Faithful Protestants have long struggled with the issues confronting
the American people. Leaders of our churches helped spark the
American Revolution, helped write the constitution and jump started
the Abolitionist movement.

More recently, mainline clergy and lay members have been prominent
supporters of the anti-war and civil rights movements of the 1960s
and 70s. Protestant clergy along with their Catholic counterparts
formed the backbone of the disarmament campaign of the 1980s.
Mainline clergy and lay members have been proponents of the
separation of church and state, fought for the rights of religious
minorities and have promoted the status of women. They have also
fought to promote the safety of gays and lesbians in the U.S.  Sadly,
our churches haven't made these causes as they relate to the Middle
East a high priority.
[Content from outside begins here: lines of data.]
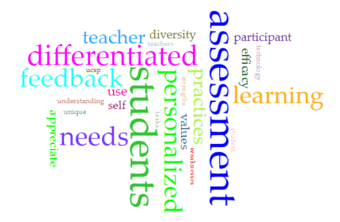
Figure 2. Teachers' Perception of DA Using Voyant Tool

Figure 2 presents Teachers' Perceptions of DA using Voyant Tool. The Voyant tool reveals based on the frequent words used in the corpus that differentiated assessment addresses students' personalized needs or diverse needs and diversity and that learning feedback from the teacher could be immediately and properly conducted and it also values the weaknesses and strengths of students as teachers emphasize this for continuous improvement and learning.
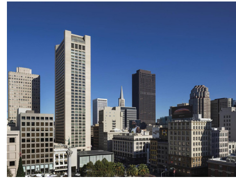
GRAND HYATT HOTEL
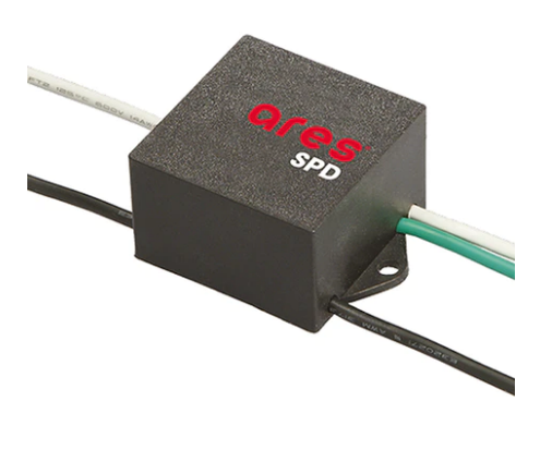
SPD (Surge Protection Device) 237
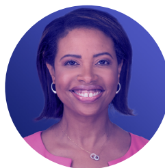
Chiquita Brooks-LaSure Current CMS Administrator
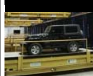
Dubai's robotic car park
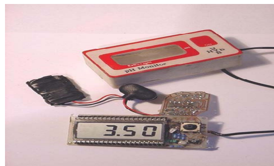
Figure 2. Picture of digital pH monitor
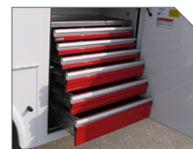
ALUMINUM MECHANICS DRAWERS
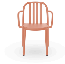
Sue Lamas Armchair Terra Cotta 05178
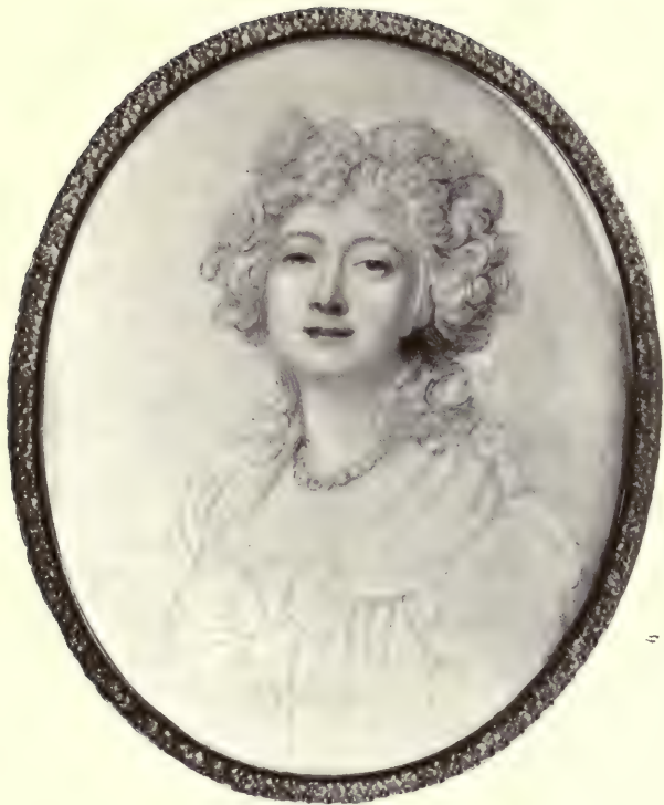
MADAME DU BARRY (1746-1793) BY RICHARD COSWAY. R.A.
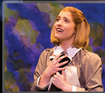
THE SOUND OF MUSIC PAGE SIX

FACEBOOK.COM/WHATZUPFTWAYNE WWW.WHATZUP.COM
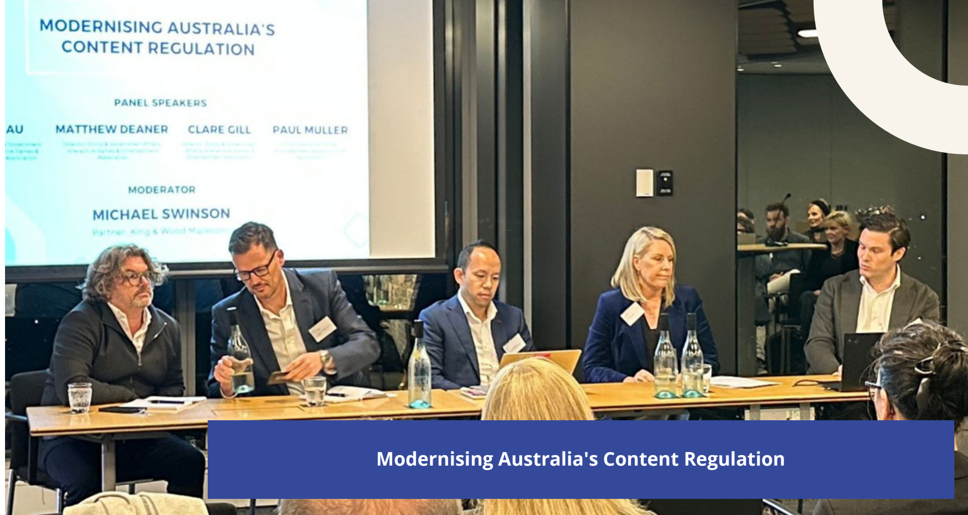
Modernising Australia's Content Regulation
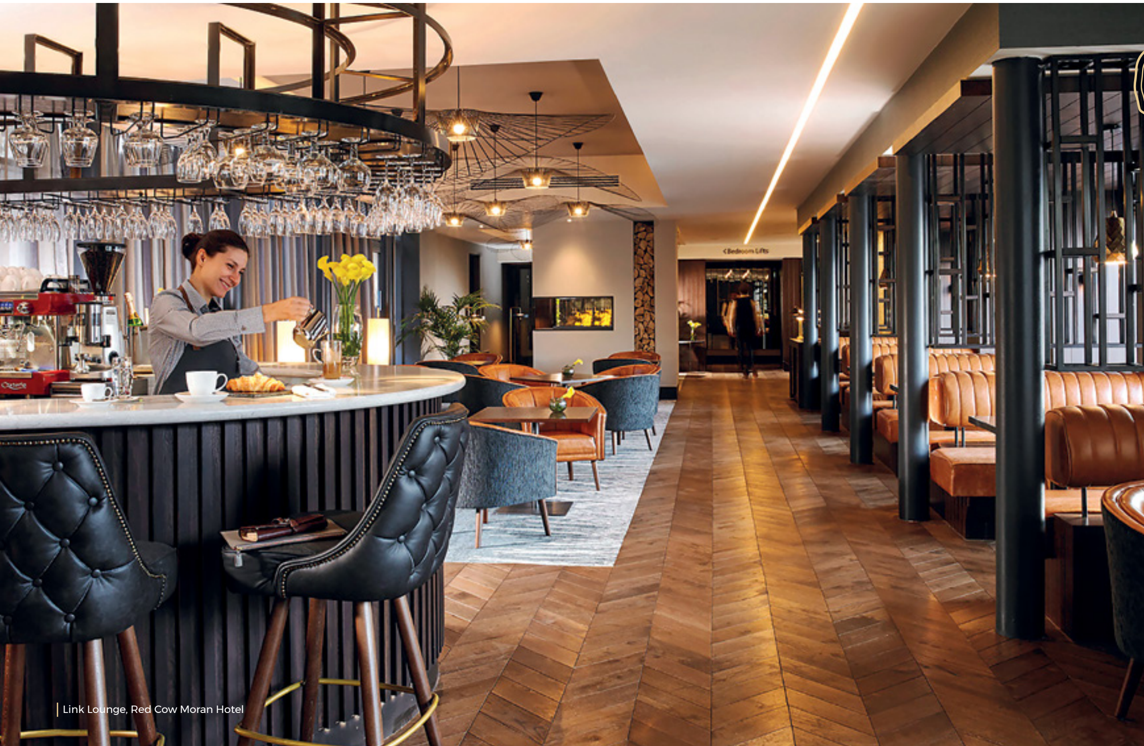
| Link Lounge, Red Cow Moran Hotel
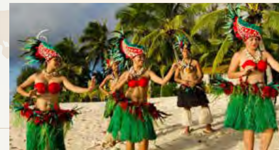
Immerse yourself in island traditions
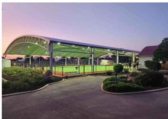
Wanderers Stadium & Bowling Green

Wanderers Stadium and bowling green was completed in late 2008. The bowling green utilises state of the art artificial sports turf. The Sports Stadium boasts a fully air conditioned function room, a barbecue area, shaded deck and fully equipped bar. This community facility is utilised by Westonia's tennis and bowls clubs, as well as other community groups.
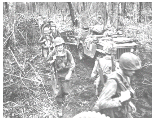
Time to rest in the tropics.
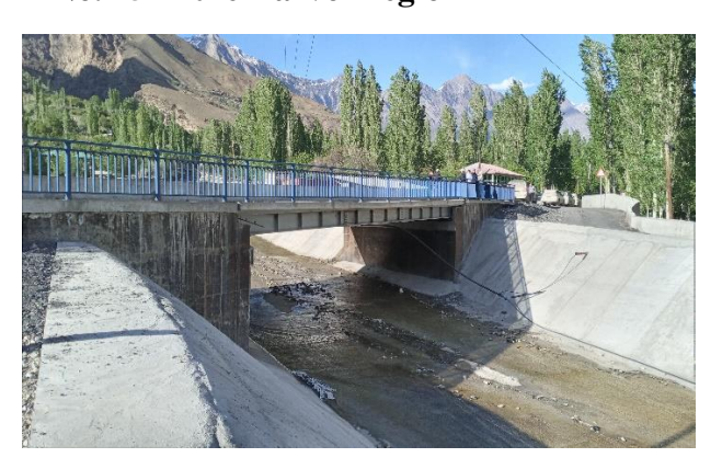
Bridge No. 9, Rushansky district

The only people in the Middle East our churches
seem willing to defend are those who blame the Jewish State for their
suffering.

While the membership of the top six mainline denominations has
declined from 28 million in the 1960s to approximately 20 million in
1998, their influence cannot be ignored. In 1998, these top six
mainline denominations had 75,000 local congregations, in which an
estimated 4 million sermons were preached annually. Mainline churches
support approximately 50 seminaries and some support their own
publishing houses.

By virtue of their history, symbolism and theology, mainline churches
have a unique capacity to whisper quietly (and sometimes shout) into
the ear of the American people. Because these churches typically
interpret the bible and the Christian faith through a lens of
experience and rationality, mainline churches serve as a credible
witness to American society writ large, even to those Americans who
don't share the faith these churches confess. For many Americans –
religious and non-religious – mainline churches represent a badly
needed counterbalance to the fundamentalist community that many
people regard with suspicion.

Consequently, mainline churches in the U.S. can give religious
credibility to a variety of political agendas. And this is exactly
that the divestment campaign is about – enlisting the religious
credibility of historic churches in the U.S. to broadcast and
legitimize a dishonest, unfair and hostile narrative about the Arab-
Israeli conflict to the American people. The end game is to convince
the world that Israel is an apartheid state that is not worthy of
normal relations with the West and ultimately a worthy target of a
boycott. Accompanying Palestinian calls for divestment are calls
for "broad boycotts" and embargoes against Israel. One student at the
University of Michigan described the divestment campaign on college
campuses this way: "What we want is not actual economic divestment
from Israel. Everyone knows that the US will never pull investments
out of Israel like that. Instead, we are looking to shift the
dialogue to whether or not to divest from Israel, without extraneous
discussion of the basics. We hope that in 10, 20 years the public
will just take for granted the premises that Israel is an apartheid
state, and then we can move from there." Clearly, the goals of the
divestment campaign have little to do with changing Israeli policy or
promoting peace, but with the economic and political isolation of
Israel.

For the short term, it's not about the money, it's about the podium.
Divestment resolutions afford pro-Palestinian activists the chance to
speak before large audiences that gather at our church-wide
assemblies and talk about checkpoints, home demolitions, and the
security barrier without having to explain why Israel does what it
does. The story offered is one of innocent Palestinian suffering and
Israeli intransigence and savagery.

On this score, divestment is a McGuffin, or plot device used to
capture our attention before it is directed to Israel's uniquely
sinful behavior. After hearing this story, our church-wide assemblies
pass judgment on the behavior and defense policies of a people who
for the last 58 years, have fended off three attempts to destroy
their homeland.

Most of the people who attend these church-wide assemblies know
little if anything about the conflict. Because Jews do not typically
have a seat at the table at Christian gatherings, the only way
Israel's side of the story can be told is if church leaders deign to
let Jewish leaders speak to the gathered assembly.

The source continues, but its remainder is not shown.